____ Data section

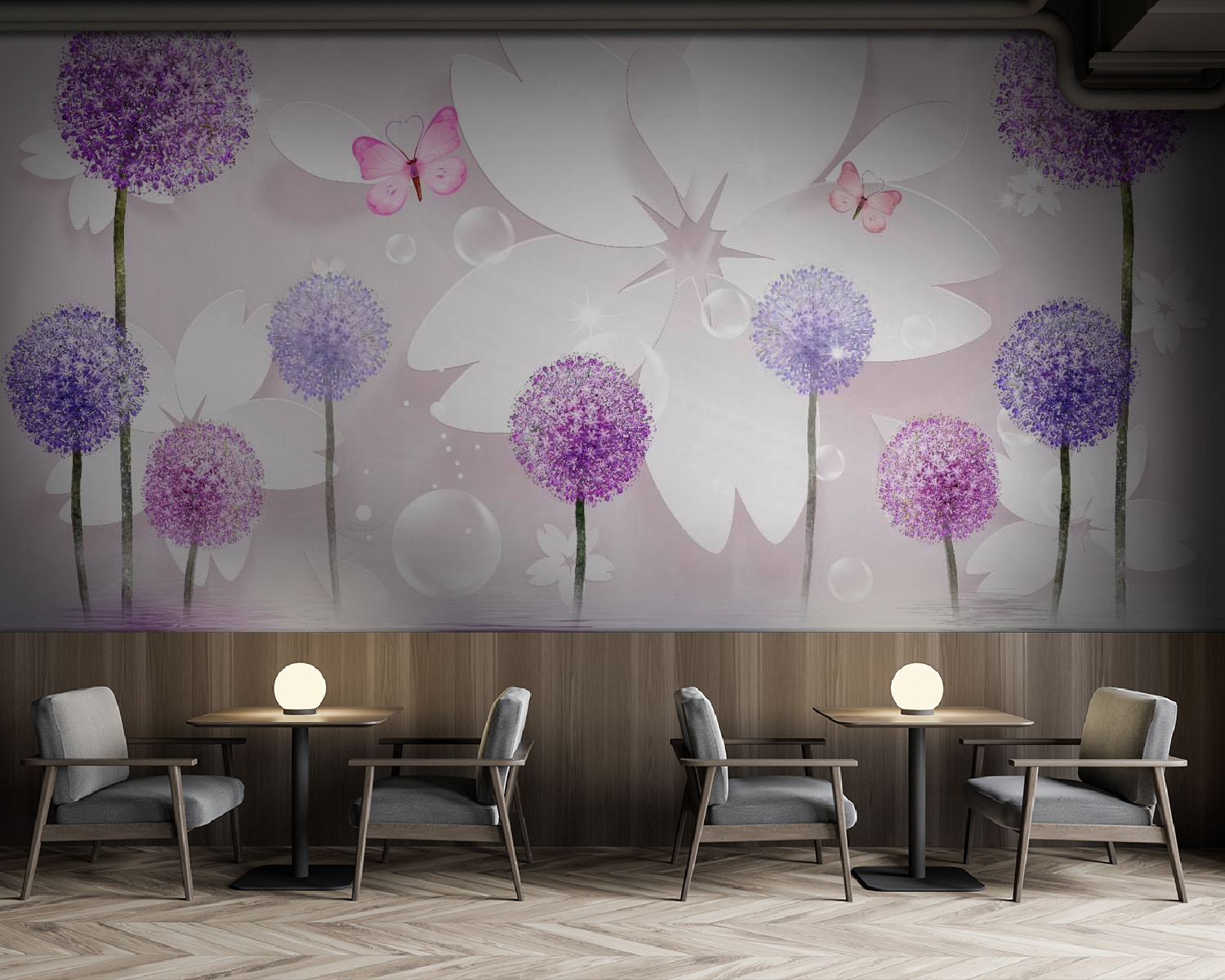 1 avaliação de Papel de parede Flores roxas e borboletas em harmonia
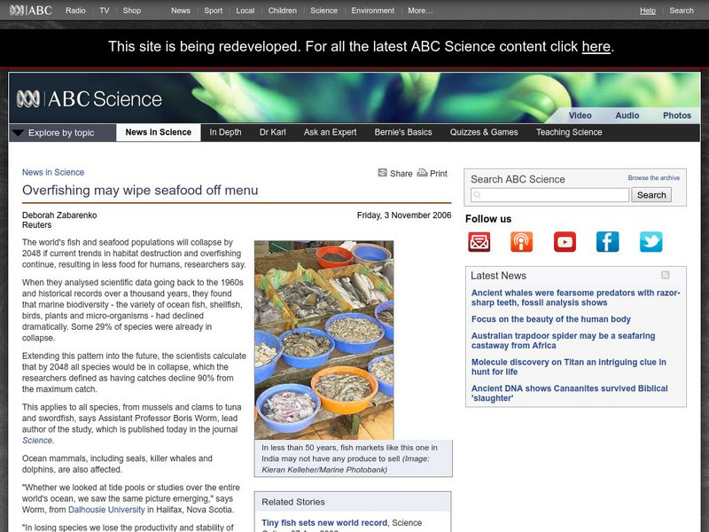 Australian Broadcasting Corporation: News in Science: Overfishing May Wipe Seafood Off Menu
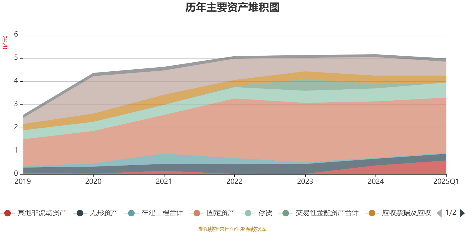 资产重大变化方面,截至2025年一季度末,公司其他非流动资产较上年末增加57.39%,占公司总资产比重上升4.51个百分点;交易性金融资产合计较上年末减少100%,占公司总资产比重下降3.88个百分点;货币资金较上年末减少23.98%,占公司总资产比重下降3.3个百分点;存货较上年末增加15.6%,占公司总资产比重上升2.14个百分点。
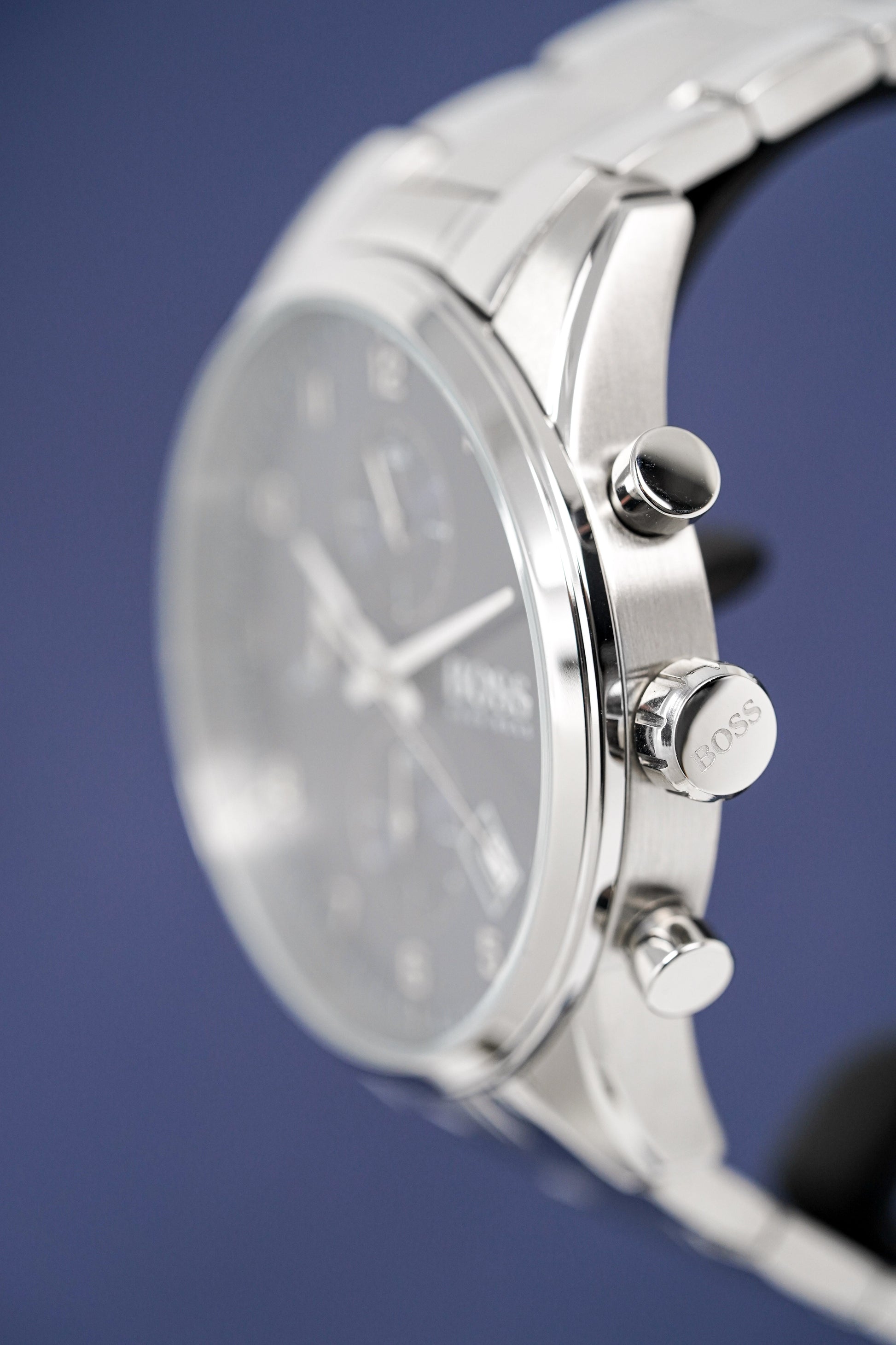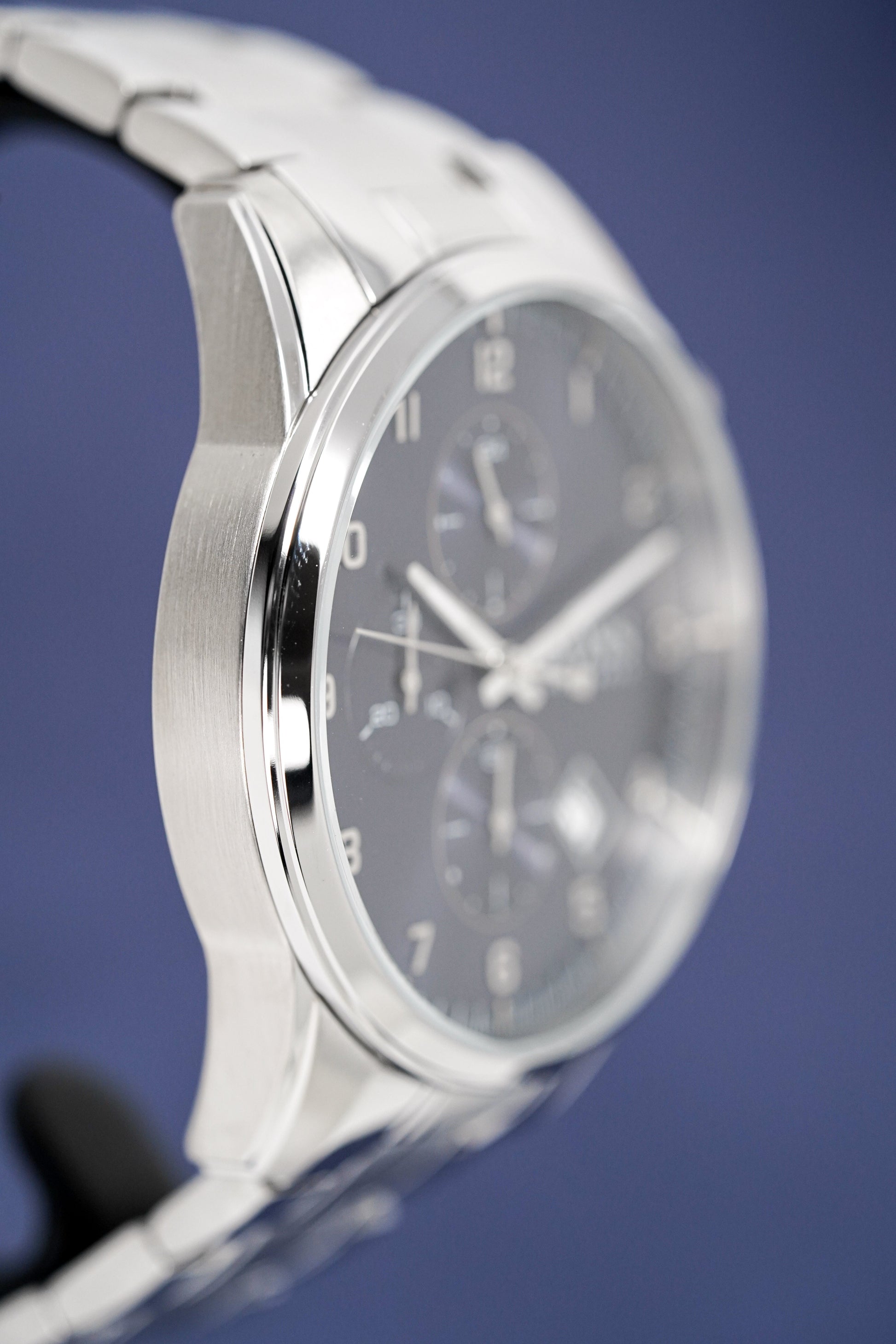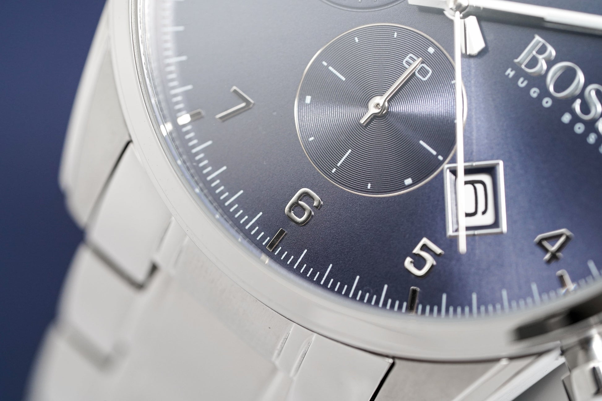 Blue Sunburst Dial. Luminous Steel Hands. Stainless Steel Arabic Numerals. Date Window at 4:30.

________

- _Task instructions_
Counting both ends, reproduce word for word the lines from the line with "Australian Broadcasting Corporation: News" to the final line of the listing above, skipping every picture.

- _Written reply_
 Australian Broadcasting Corporation: News in Science: Overfishing May Wipe Seafood Off Menu
 资产重大变化方面,截至2025年一季度末,公司其他非流动资产较上年末增加57.39%,占公司总资产比重上升4.51个百分点;交易性金融资产合计较上年末减少100%,占公司总资产比重下降3.88个百分点;货币资金较上年末减少23.98%,占公司总资产比重下降3.3个百分点;存货较上年末增加15.6%,占公司总资产比重上升2.14个百分点。
 Blue Sunburst Dial. Luminous Steel Hands. Stainless Steel Arabic Numerals. Date Window at 4:30.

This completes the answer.